*Source material*.
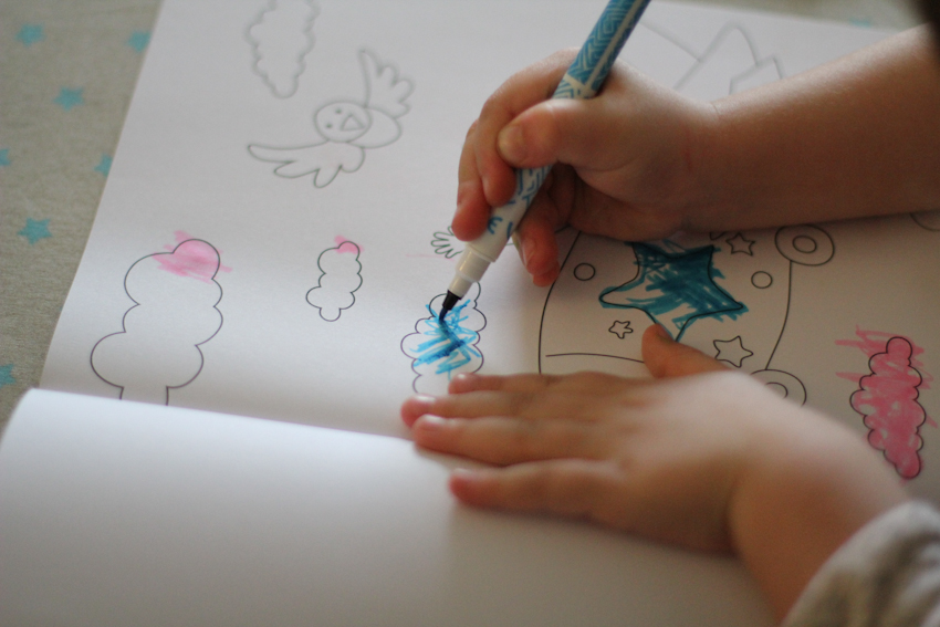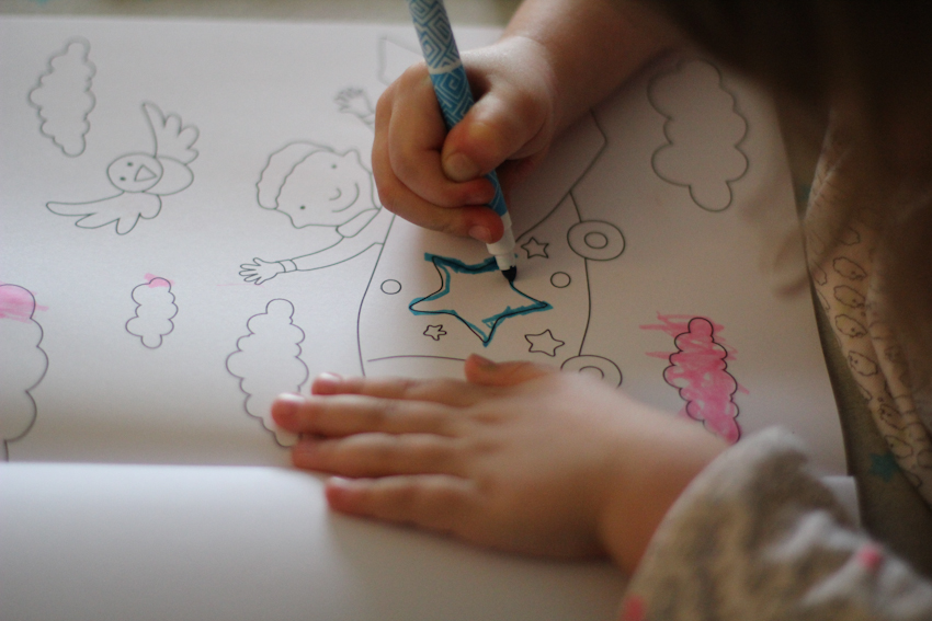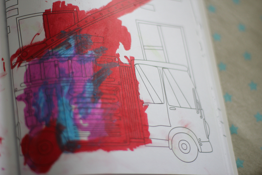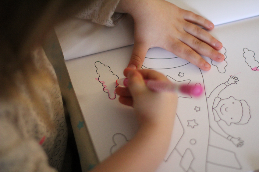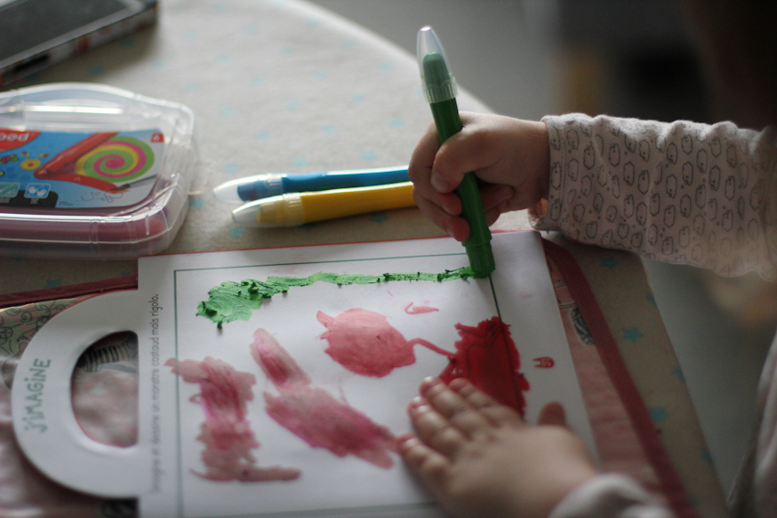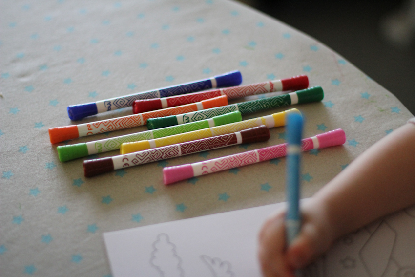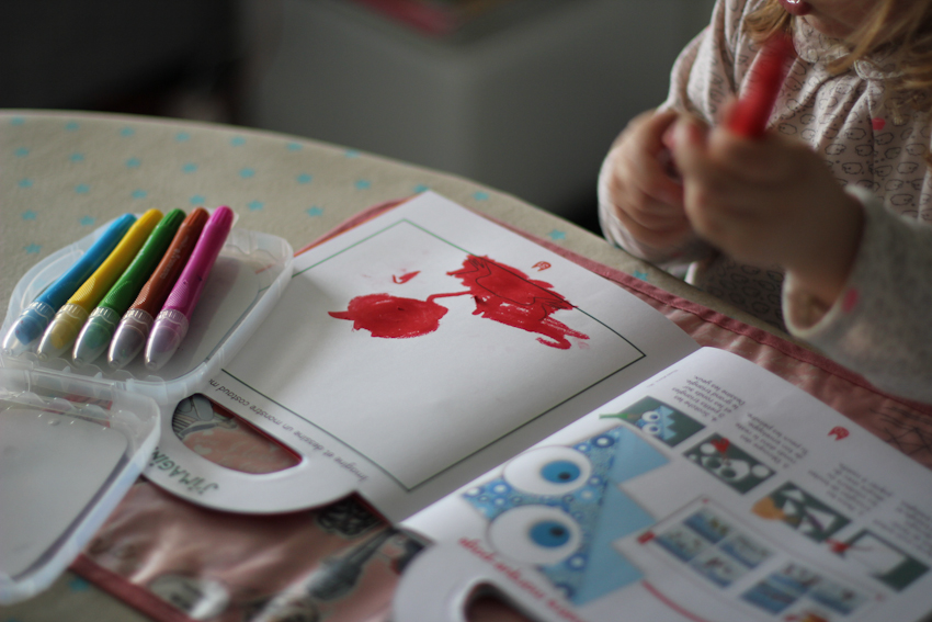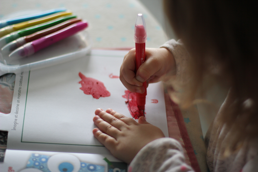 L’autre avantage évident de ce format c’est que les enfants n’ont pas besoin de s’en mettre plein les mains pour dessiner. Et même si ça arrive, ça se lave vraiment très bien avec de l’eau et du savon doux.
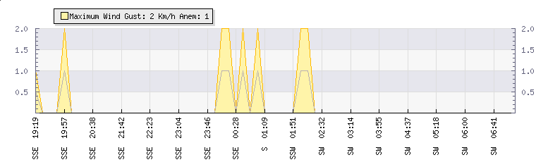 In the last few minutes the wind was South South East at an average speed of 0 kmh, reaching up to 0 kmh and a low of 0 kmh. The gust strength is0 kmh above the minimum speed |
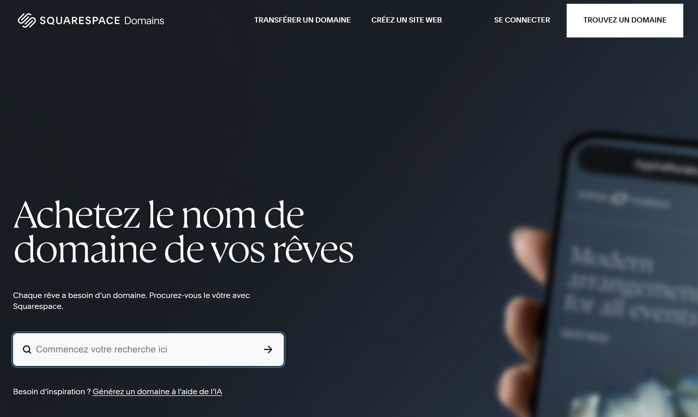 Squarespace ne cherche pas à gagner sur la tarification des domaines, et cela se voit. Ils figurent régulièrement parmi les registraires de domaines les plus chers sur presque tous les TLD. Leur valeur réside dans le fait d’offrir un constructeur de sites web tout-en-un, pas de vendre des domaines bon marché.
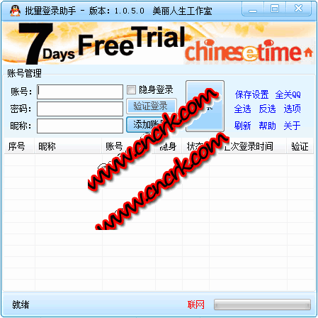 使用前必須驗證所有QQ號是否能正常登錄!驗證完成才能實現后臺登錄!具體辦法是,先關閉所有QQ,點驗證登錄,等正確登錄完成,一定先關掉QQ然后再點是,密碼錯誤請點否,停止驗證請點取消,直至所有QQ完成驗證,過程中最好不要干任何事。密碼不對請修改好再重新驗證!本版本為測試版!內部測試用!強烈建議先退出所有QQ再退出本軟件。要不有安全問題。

*Exercise instructions*.
Write out nothing but the lines from the start of the data through the line with "In the last". Leave out the pictures.

*Answer area*.
 L’autre avantage évident de ce format c’est que les enfants n’ont pas besoin de s’en mettre plein les mains pour dessiner. Et même si ça arrive, ça se lave vraiment très bien avec de l’eau et du savon doux.
 In the last few minutes the wind was South South East at an average speed of 0 kmh, reaching up to 0 kmh and a low of 0 kmh. The gust strength is0 kmh above the minimum speed |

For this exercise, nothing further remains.